J'avais voulu lire ce texte de loi lors de la polémique qu'il y avait eu l'an dernier à propos des établissements scolaires « Colbert », où il paraîtrait que ça serait scandaleux à cause de la justification de l'esclavage qu'il a mis en place avec le Code Noir.
J'ai enfin mis la main sur ce texte et c'est un document historique d'une grande importance. En fait outre les considérations morales totalement anachroniques qui viendraient dire que l'esclavage c'est pas bien, que c'est un crime contre l'humanité, etc, c'est un texte qui permet de donner des règles à cet esclavage et de répondre à des problématiques locales.
En effet, on y définit le statut d'esclave, ce qu'on peut lui faire, ce qu'on ne peut pas lui faire, ce à quoi il a droit, ce à quoi il n'a pas droit. Mais surtout il règle la question des enfants métisses, qui obtiennent, si j'ai bien compris le statut de leur mère. Esclave si la mère l'est, libre si la mère l'est. Ce qui met fin à la volonté des esclaves de ne faire des enfants qu'avec des hommes libres en espérant que leurs enfants seront libres eux-aussi.
Le texte indique également que tout n'est pas possible avec les esclaves, qu'ils doivent être baptisés, qu'ils doivent avoir le dimanche pour prier (ainsi que les principales fêtes religieuses) et qu'ils ne peuvent pas, par conséquent, travailler aux champs ou à l'habitation ces jours-là.
On y interdit également la torture, la mise à mort arbitraire, on y oblige le maître à nourrir ses esclaves, à les habiller (bon ça semble dérisoire vu qu'ils ont droit à deux tenues par an, mais je n'ai aucune idée de combien de tenues différentes avaient les paysans libres à l'époque).
En fait il s'agit là d'un texte qui permet de codifier l'esclavage et d'éviter certains débordements, tout en répondant à des questions pratiques de la vie quotidienne pour éviter les abus.
Alors certes si on regarde ça avec un œil actuel ça peut sembler horrible parce que ça légitime la mise en esclavage, mais il faut bien comprendre que l'esclavage existait de facto (et qu'il existe d'ailleurs toujours aujourd'hui), que c'était normal, on ne peut pas exiger des gens du XVIIe qu'ils aient les considérations morales de gens au XXIe, ça semble absurde.

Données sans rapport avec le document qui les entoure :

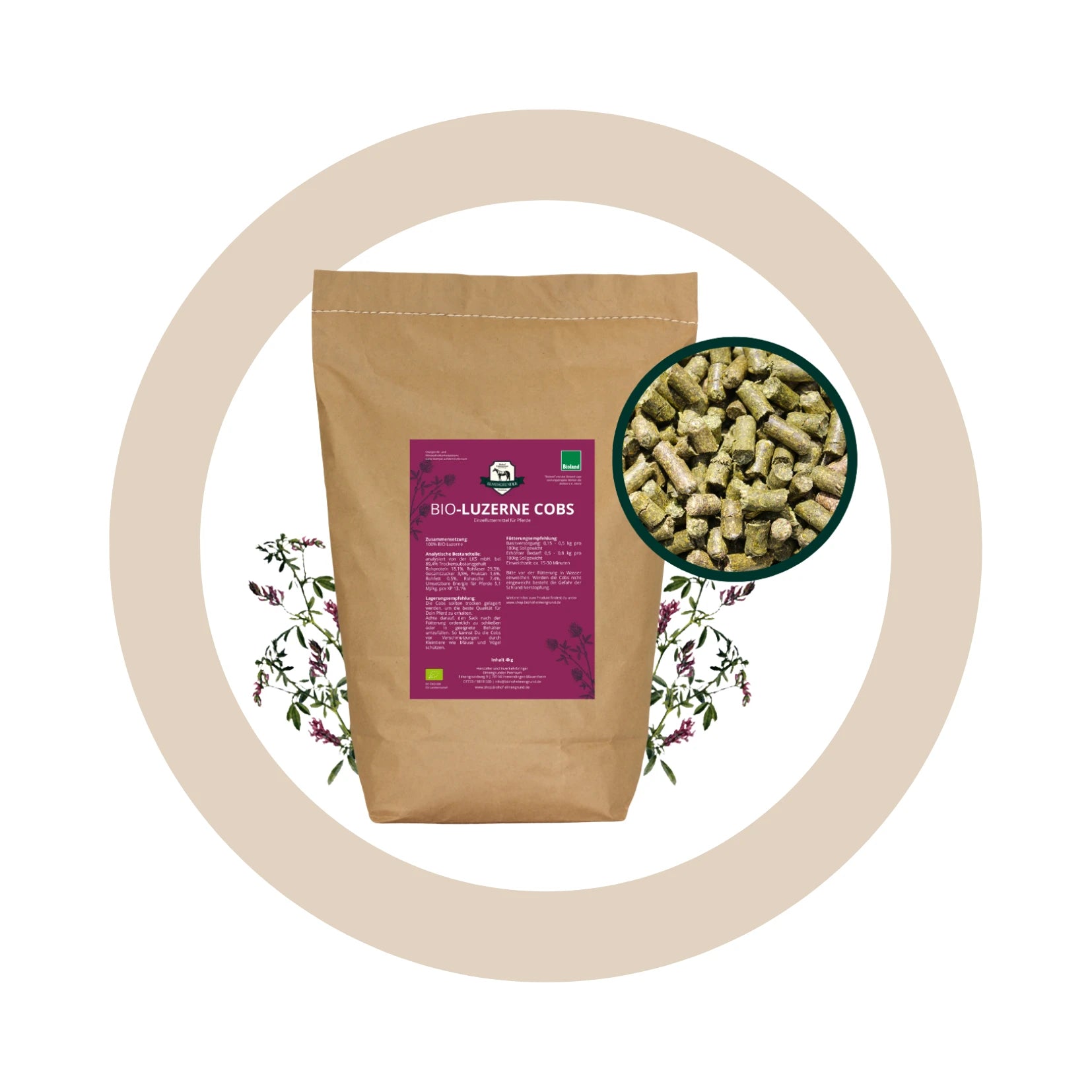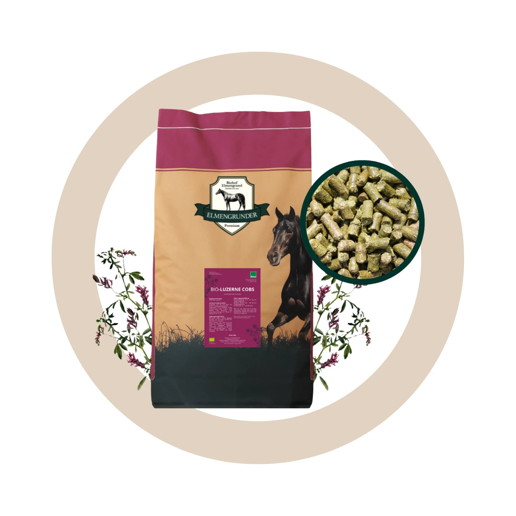 Die BIO Luzerne Cobs sind ein Einzelfuttermittel für Pferde. Sie eignen sich als strukturreiche Komponente zur Ergänzung der täglichen Futterration. Durch den natürlichen hohen Proteingehalt können sie optimal an Pferde mit erhöhtem Bedarf verfüttert werden.

Et, au contraire, ce texte permet une avancée de la condition des esclaves afin que ça ne soit pas trop le bordel où les maîtres ont tous les pouvoirs.
Alors est-ce-que c'était respecté c'est une autre question... Mais on ne peut pas reprocher à ce document historique de faire partie de l'Histoire et d'être par conséquent propre à son époque. Pour cet éclairage sur l'époque, sur les pratiques, sur la nécessité de légiférer sur ce qui se passait en Amérique, c'est un document passionnant qu'il faut lire et dont il faut arrêter de fantasmer le contenu.